Hyon Choi, MD, DrPH, professor of medicine at Boston University School of Medicine says this drug definitely has a role for those patients who fail to get a benefit from conventionally available gout medicine, such as allopurinol. But he says patients need to be aware of the challenges that will come with it too, especially the fact that some won’t tolerate it well.

“The problem is this is a foreign protein so people tend to develop antibodies so it loses efficacy or people develop hyper sensitive reactions,” Dr. Choi says. “Some people lose the efficacy after a few treatments and those people won’t get a benefit. But a lot of people do. But it does involve IVs, physician visits and it is costly, more than the regular oral pills. So it is useful for certain segments of gout patients, but not all of them.”

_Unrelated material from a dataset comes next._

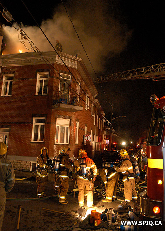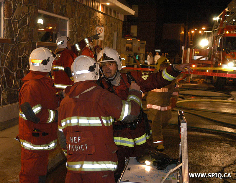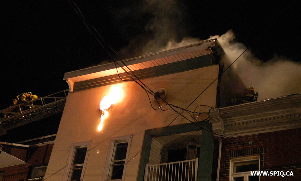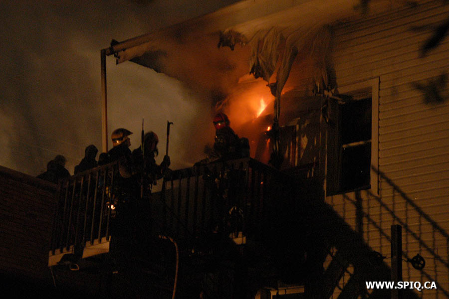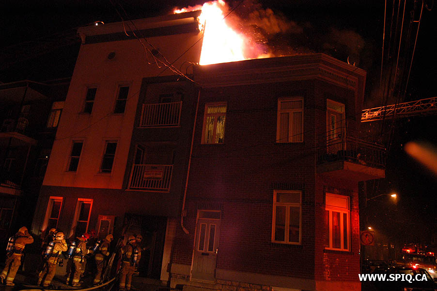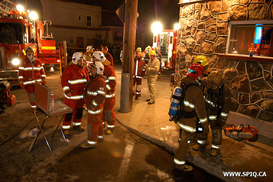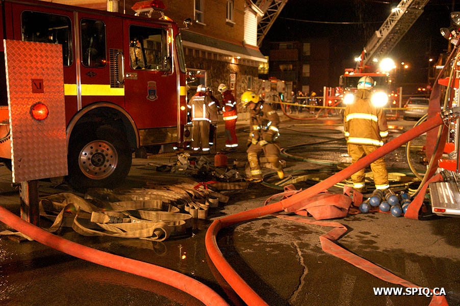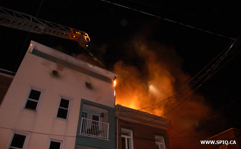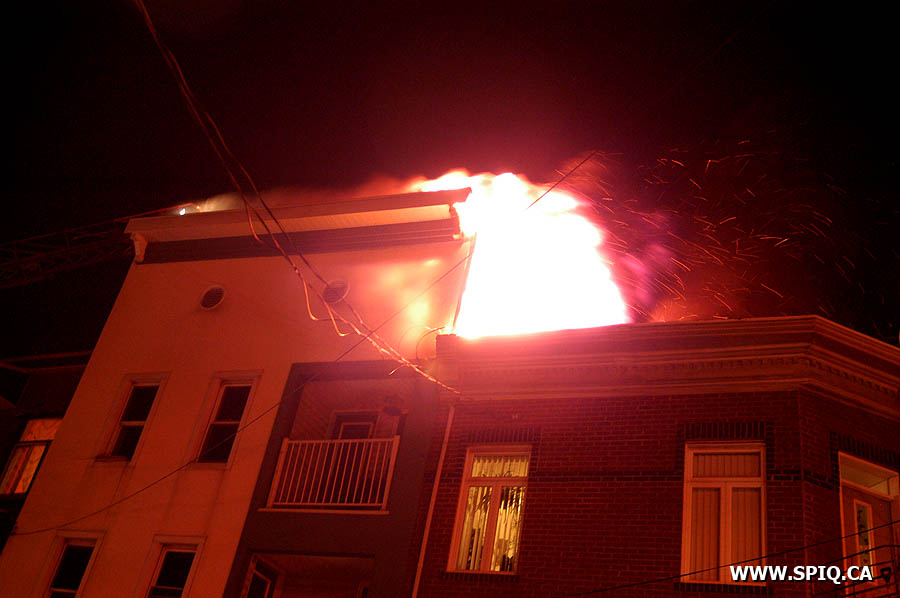 Les informations initiales font état de fumée noire sortant de l'édifice au 555 rue Kirouac. Par la suite d'autres informations signalent qu'il y a du feu et que les passants font du sauvetage. Lorsque le chef arrive sur les lieux, il confirme qu'une intervention est nécessaire, feu éclaté au rez-de-chaussée. La situation dégénère ensuite très rapidement, le feu semble se propager, et l'évacuation des édifices n'est pas confirmée: la deuxième alarme est demandée. À peine un instant plus tard, le toit s'embrase, et deux autres alarmes sont demandées presque en rafale. L'élément destructeur semble avoir trouvé sa voie par des escaliers et des galeries. Quand les équipes de la deuxième alarme se déploient et que les autres arrivent, le feu est déjà particulièrement violent, poussé par le vent, surgissant avec force du toit des édifices au coin de la rue, et offrant une menaçante pluie de tisons sur la rue Kirouac. Les pompiers ont réussi à stopper cette propagation fulgurante mais le mal était déjà fait pour les édifices atteints, particulièrement celui sur St-Luc qui a été lourdement endommagé.

The FDA initially declined approval of the company’s drug, citing concerns about the proposed changes to the manufacturing process.

In clinical trials, 1 out of 4 patients receiving pegloticase experienced a severe allergic reaction. For that reason, the FDA has advised doctors to prescribe corticosteroids and antihistamine medications before treatment to minimize the risks.

Other side effects observed in clinical trials included gout flares, nausea, bruising, irritation of the nasal passages, constipation, chest pain and vomiting.